That the Union is living through perilous days is all but undetectable here in Westminster.
Not a week since the air was thick with talk of coalitions, the only coalition in town is the one between David Cameron and his backbenchers.
The SNP MPs sent down to “hold Westminster’s feet to the fire” are busy undergoing orienteering, settling into their offices, and getting their heads around the expenses system.
They have arrived in a political landscape unrecognisable from the constitutional chaos predicted last week. Where they were expected to be a headache for a minority Labour government, they are now an entertaining curiosity for national and international media. A force in number but without any power.
There are, of course, certain prerogatives enjoyed by the third party at Westminster. The SNP will get two questions at Prime Minister’s Questions and their coffers will swell from millions in short money. Nationalist politicians will be more prominent on TV and radio, they will be sought out by lobbyists pushing their causes, and their views will be tracked closely by government whips.

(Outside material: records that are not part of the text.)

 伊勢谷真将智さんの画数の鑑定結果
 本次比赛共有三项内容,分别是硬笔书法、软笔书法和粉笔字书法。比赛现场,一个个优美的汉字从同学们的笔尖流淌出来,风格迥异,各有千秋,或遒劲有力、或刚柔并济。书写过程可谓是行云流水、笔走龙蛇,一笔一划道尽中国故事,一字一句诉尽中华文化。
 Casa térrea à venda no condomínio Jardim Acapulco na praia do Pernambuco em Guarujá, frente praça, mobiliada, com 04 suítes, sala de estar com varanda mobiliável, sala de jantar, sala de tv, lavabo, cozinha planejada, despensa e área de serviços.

But on those issues about which the SNP cares – independence, Trident, austerity – it will for the most part be a spectator to the legislative process. The predecessor third party, the Liberal Democrats, were vocal and consistent in their opposition to military intervention in Iraq. It mattered not a jot because the government and opposition were in agreement. There is a similar broad consensus between the Conservatives and Labour on the constitution, the nuclear deterrent, and (with important qualifications) deficit reduction.

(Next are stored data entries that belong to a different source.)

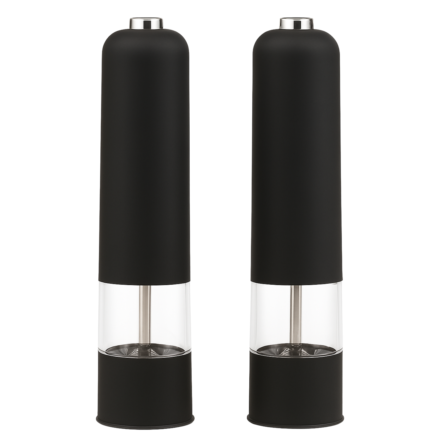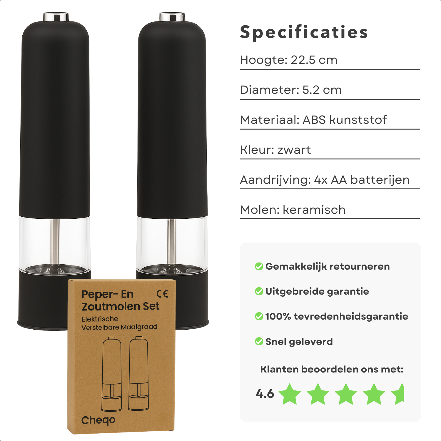 Cheqo® Elektrische Peper- En Zoutmolen - Zout & Pepermolen Stel Elektrisch - Verstelbare Maalgraad - Keramische Molen - Met Drukknop - Met Licht - Set Van 2 Stuks - ABS Kunststof - RVS Onderdelen - Zwart - Op Batterijen - Luxe Kwaliteit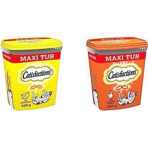 Catisfactions Snack per gatto, Formato Scorta 700g al gusto Formaggio, 2 Maxi Tub da 350gr ciascuno & Snack per Gatto, Formato Scorta 700 g al gusto Pollo, 2 Maxi Tub da 350 gr Ciascuno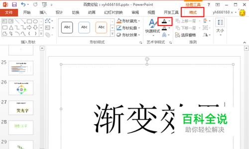 选择好渐变效果后,关闭设置形状格式对话框,我们可以更好的查看我们制作的渐变效果的文字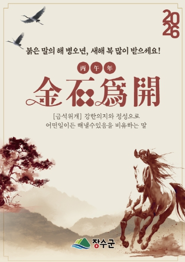 [뉴스노크=김인호 기자] 장수군은 2026년 병오년(丙午年) 새해를 맞아 군정 운영의 방향을 담은 신년 사자성어로 ‘금석위개(金石爲開)’를 선정했다.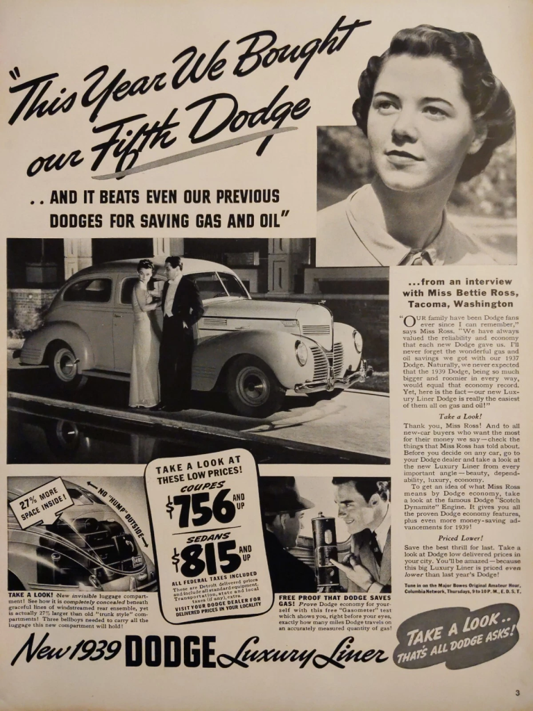 Vintage Dodge anúncio impresso de automóvel, Bettie Ross Tacoma Washington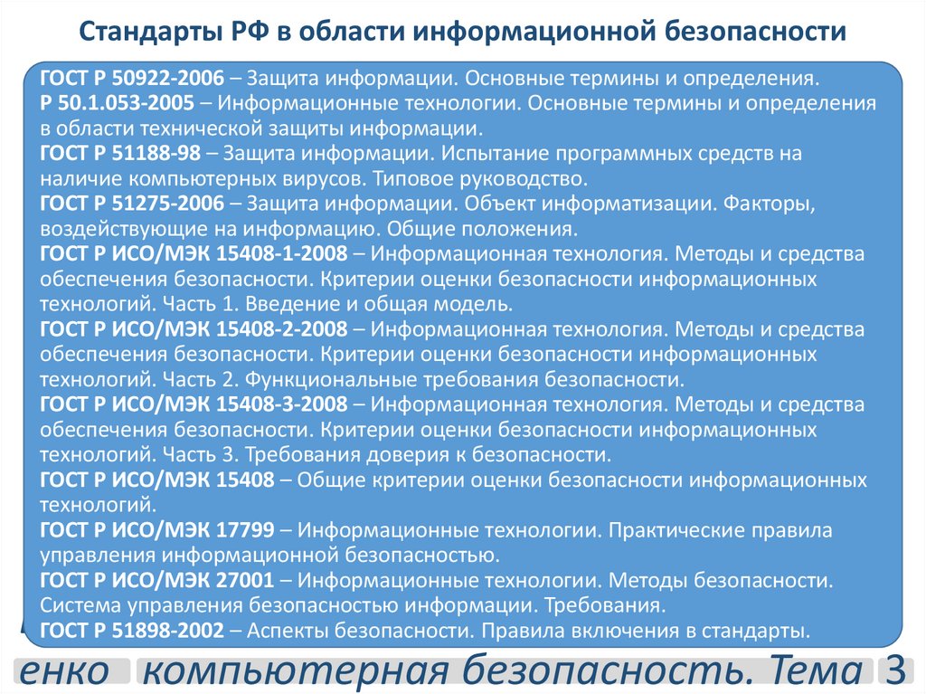 Стандарты РФ в области информационной безопасностиГОСТ Р 50922-2006 – Защита информации. Основные термины и определения.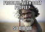About then the sheep arrived, and have been treasured ever since. It is interesting to note here that the Europeans always consider themselves vastly superior to any other race they encounter, since they can lie, cheat, steal and litigate (marks of a civilised culture they say), whereas all the Aboriginals can do is happily survive being left in the middle of a vast red-hot desert - equipped with a stick.

The SNP can question, condemn, and traipse through the No lobby. They can use their media pulpit to excoriate the Tories and embarrass Labour in the run-up to the 2016 Holyrood elections. They cannot change things. That is the irony of the Nationalist victory: It was so comprehensive that it has made Scotland less rather than more relevant at Westminster.

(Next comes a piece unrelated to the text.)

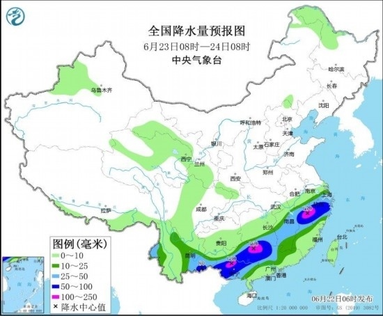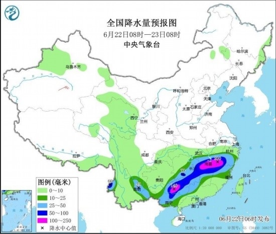 6月22日08時(shí)至23日08時(shí),貴州東南部、云南東部和西北部、廣西中部和東北部、廣東北部、湖南南部和東部、江西中北部、浙江南部、福建北部等地有大到暴雨,其中,廣西東北部、江西中部、福建西北部等地部分地區(qū)有大暴雨(100~200毫米)。新疆南疆盆地部分地區(qū)有4~5級風(fēng)(見圖3)。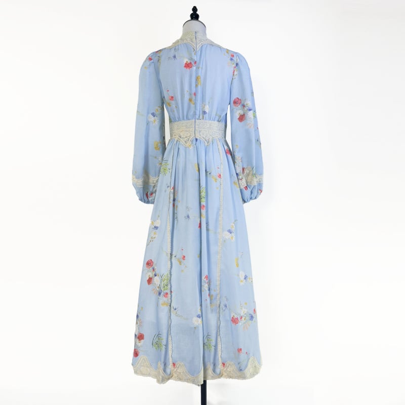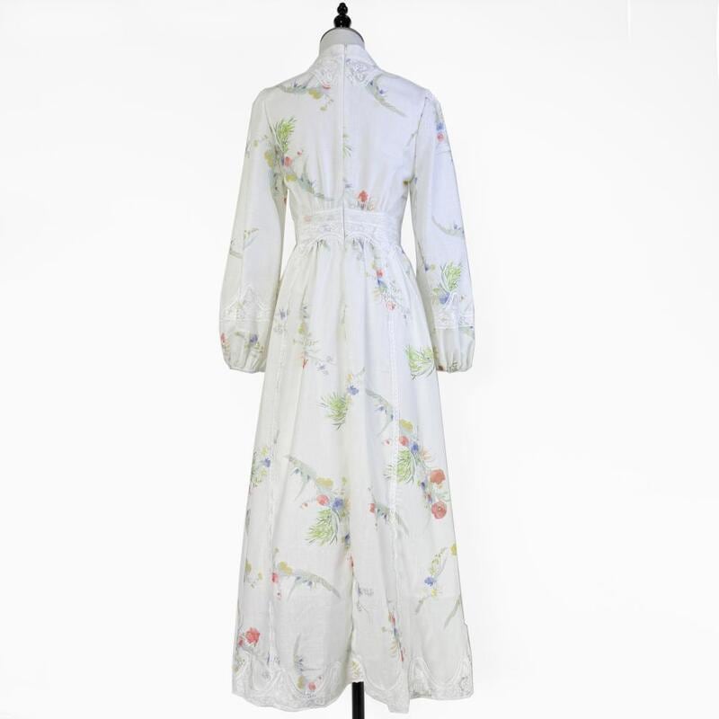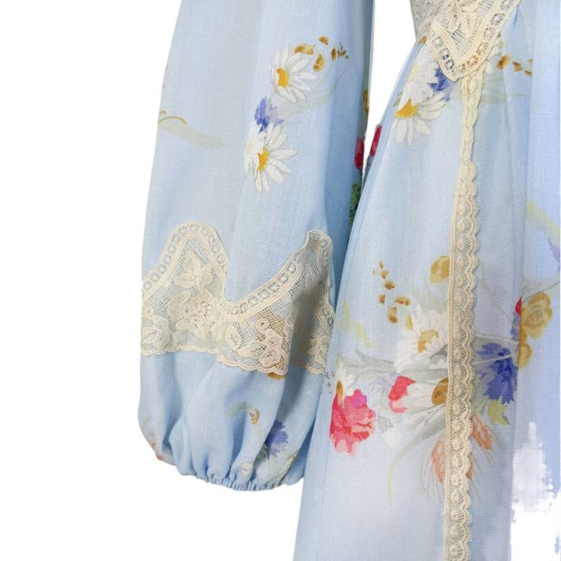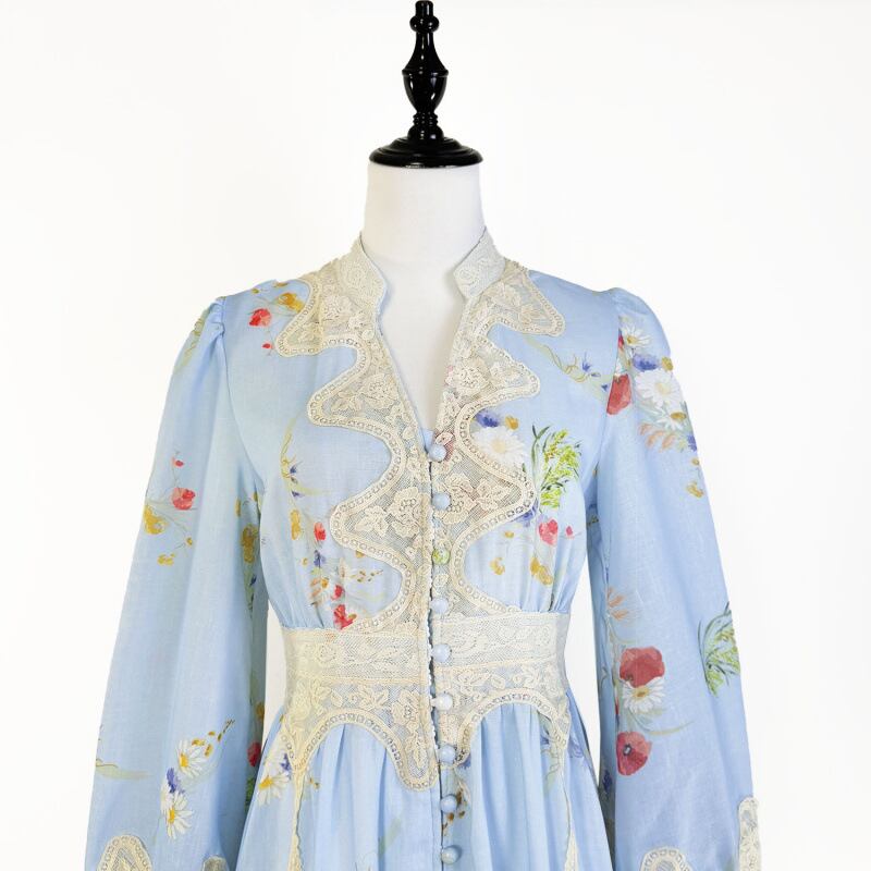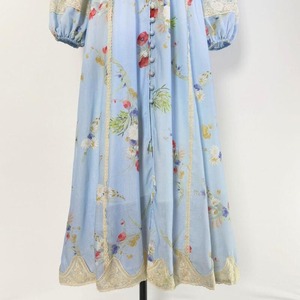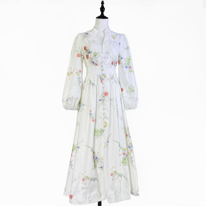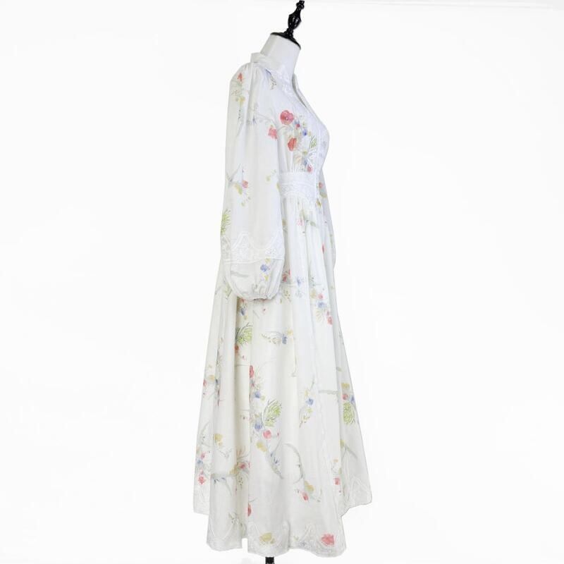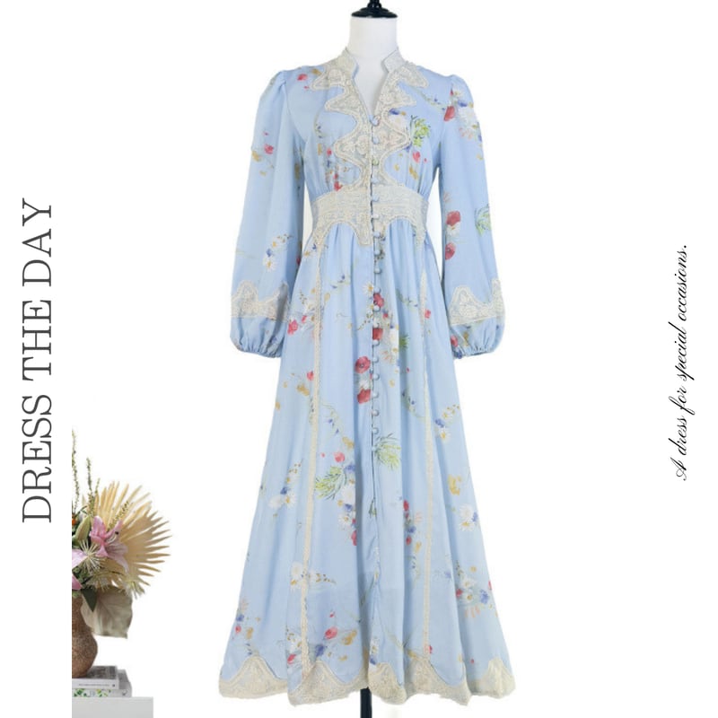 鮮やかなフラワープリントが魅力的なスタンドカラーのシャツドレスです。レースを襟やウエストにあしらいさりげないアクセントになった目を引くデザインが魅力的。普段使いから特別な日のコーディネートまで幅広く活躍する一着です。くるみボタンがころんと大人可愛い仕立てで、フレアスカートは体型を自然にカバーしてくれます。

The Conservatives have little to lose in political terms by sidelining Scotland; it has long since ceased to be a power base for them. Labour cannot afford to expend political capital in England winning back Scotland. If voting with the Tories on Trident renewal or additional welfare reform forfeits some votes north of the Tweed – mostly for presentational reasons, it must be said – the cost is less than that of further alienating the English centre ground.
As the Tories have shown, you can win a majority at Westminster without Scotland. Had Labour retained a dozen or so Scottish seats or the Conservatives achieved their long-promised, never-seen revival, the two parties would have to pay more attention. Scotland, in the scale of the victory it has handed the SNP, is the author of its own impotence.
If Scotland is on mute politically, the constitutional question is only going to gain volume. In voting against independence but for the SNP, the Scottish electorate has dramatised the inherent flaws in our political system. Far from the colonial imposition of the wilder Nationalists’ fantasies, the United Kingdom is a cooperative partnership and if one partner no longer wants to cooperate, the relationship cannot endure. That partnership has progressively soured. The respective political cultures look very different (even if distinctions in public opinion are minor) and it feels like the line on the map between Scotland and England is hardening into a border.
The Union is now an exquisite form of torture practised by each of the four nations on the others. English Tories tell voters their government can be “held to ransom” by Scottish Nationalists who profess eagerness to “hold Westminster’s feet to the fire”. “Ajockalypse” and “Wastemonster” compete as neologisms; mutual fear and suspicion are never far from the surface. We do not “pool and share resources”; we accuse each other of being subsidy junkies and produce our preferred set of figures to prove it. This does not feel like a governing structure long for our world.
The funereal mood music may cheer Nationalists but Unionists still have some advantages. One is David Cameron, who spent much of the campaign doing ostentatious violence to the Union for electoral gain but who showed during the referendum an uncanny ability to read Scotland, at least for a Tory prime minister. With deft handling and political imagination, Cameron could still avert independence. That would require him to pepper the weak brew of powers proposed by the Smith Commission with something spicy like full fiscal autonomy and, eventually, a federal union. Make the Scottish Parliament responsible for raising and spending almost all its revenue and the constitutional debate will be anchored by economic realities unhelpful to the SNP.
And while the UK transitions to a federal arrangement, the Prime Minister should exercise caution on other constitutional changes. It is imperative that he secure a credible EU reform deal and win a referendum to stay in. Should Scotland vote to remain and England to leave, the SNP would demand a second vote on splitting up the UK – and they would probably win.
Another stramash is looming over Tory plans to pick apart the Human Rights Act. The Conservatives aspire to replace the Act with a British Bill of Rights in a country where at least one constituent nation does not feel British. Less than one-third of Scots define themselves as British while 62% say they are Scottish. Half of them just voted for a party committed to the destruction of the British state as currently constituted. This may sound like a point of semantics but language is the lifeblood of politics.
No one is talking about any of this at Westminster. It is difficult to avoid the conclusion that the British political class, escaping a rendezvous with disaster last September and dodging another close call on Thursday, has returned to business as usual.
If they have, Nicola Sturgeon will get to break her once-in-a-generation promise sooner than she hoped.